7. Apart from some other circumstances, as it appears, the prosecution proposes to prove in this case, and whether it will succeed in proving them or not is a different matter, the High Court has enumerated three circumstances in its impugned order. We may just add, and that is only for the purpose of a cursory observation for deciding the matter at this stage, that the story of assault on Tara Devi by the respondent a day prior to the occurrence is perhaps sought to be proved by the evidence of Chandreshwar Singh, the informant, and it seems, he would also try to say, rightly or wrongly that at the time of the said assault the respondent had given her a threat to kill her.
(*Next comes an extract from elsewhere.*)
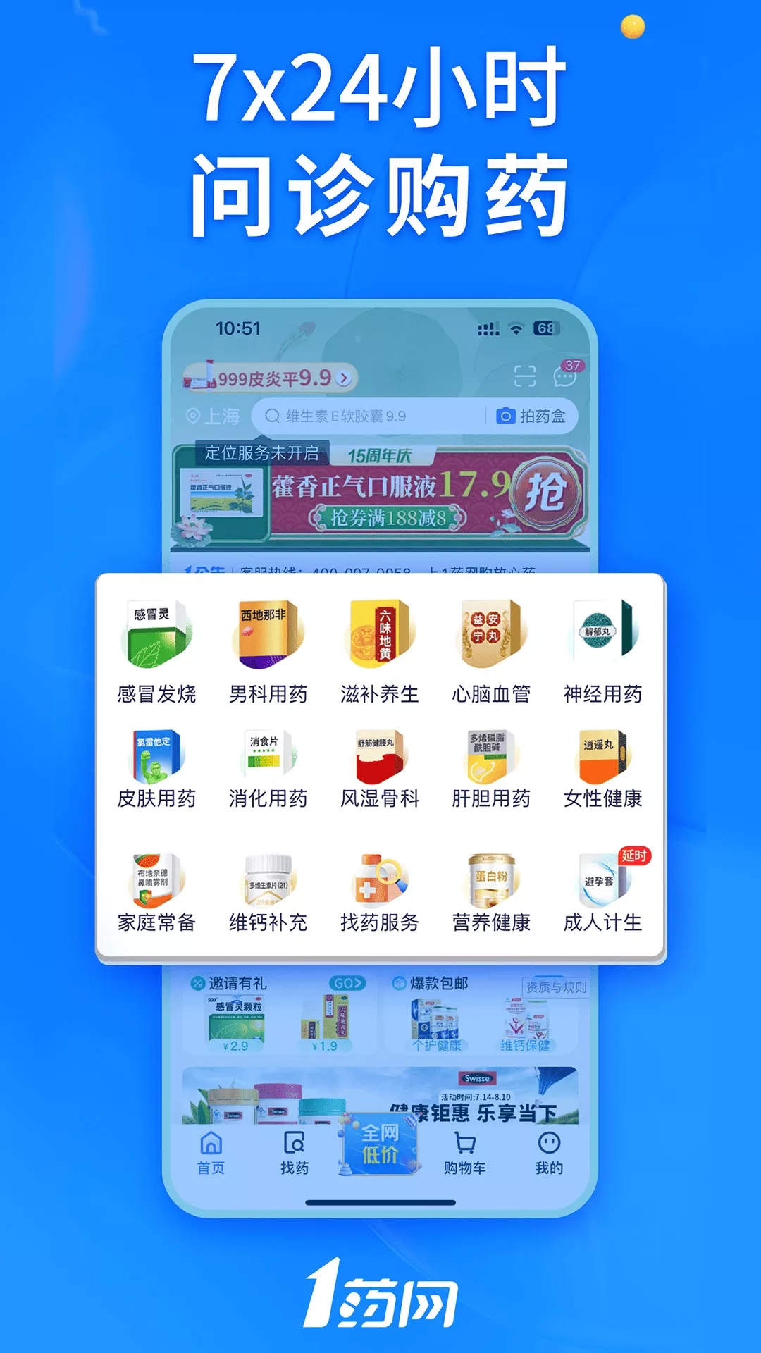 1药网,专业的网上购药平台,其前身是:1号药店、壹药网。 【1药网,专业的网上购药平台】 就医流程:筛选好医院、选择好医生、预约、挂号、购药、送药、用药......,1药网将与药房网、康爱多、平安好医生、微医、叮当快药、春雨医生、爱康国宾、丁香医生、医指通、健康160快方送药、趣医院等APP一道建立良好的患者就医、购药、用药体验; 【1药网,专业的网上购药平台】 为客户提供健康减肥、整容备孕、孕期睡眠、打折买药、全球购物等服务; 【1药网,专业的网上购药平台】 1、正品保证:首家“正品联盟”,超过500家知名医药健康产品厂商源头采购,品质保证。 2、商品超过140,000种,涵盖中药、西药、成人用品、本草纲目、维生素钙、滋补保健、隐形眼镜等。 3、优惠满满:便宜买好药,多形式的优惠让利,每月会员专享,始终为您准备惊喜。 4、专业服务:每天9:00~21:00专业用药在线咨询服务,帮您选对药、用对药。 5、名医在线:卫计委批准的互联网医院项目,三甲名医提供电话、视频问诊及电子处方。 6、闪电配送:当天下单,当天出库;北京、上海、广州等重点城市次日达。 7、快捷体验:快速找药、便捷支付,支持银联、支付宝、微信、货到付款等。 8、隐私保护:所有药品严格打包,杜绝泄露药品信息。

The High Court felt persuaded to take the view that the three circumstantial facts, even if proved, would not be incompatible with the innocence of the accused and then added. "There may be strong suspicion against the opposite party, but the three circumstances which I have just mentioned above, cannot be said to be incompatible with the defence of the accused". The said observation of the High Court is not quite apposite in the background of the law which we have enunciated above with reference to the provisions of Section 227 and 228 of the Code.” Again, the judgment (supra) is of no help to the petitioner, as the material available before the learned Trial Court was intrinsically untrustworthy, which was not rightly be made basis for proceeding against the respondents. So, the judgment (supra) is not applicable to the facts of the present case. 13. In view of what has been discussed hereinabove, the impugned order passed by the learned Trial Court and upheld by the Revisional Court is not required to be interfered with, as the same has been passed after appreciating the material, which has come on record, and also applying the law correctly to the facts of the case. Therefore, the petition sans merits, deserves dismissal and is accordingly dismissed. Pending applications, if any, also stands disposed of.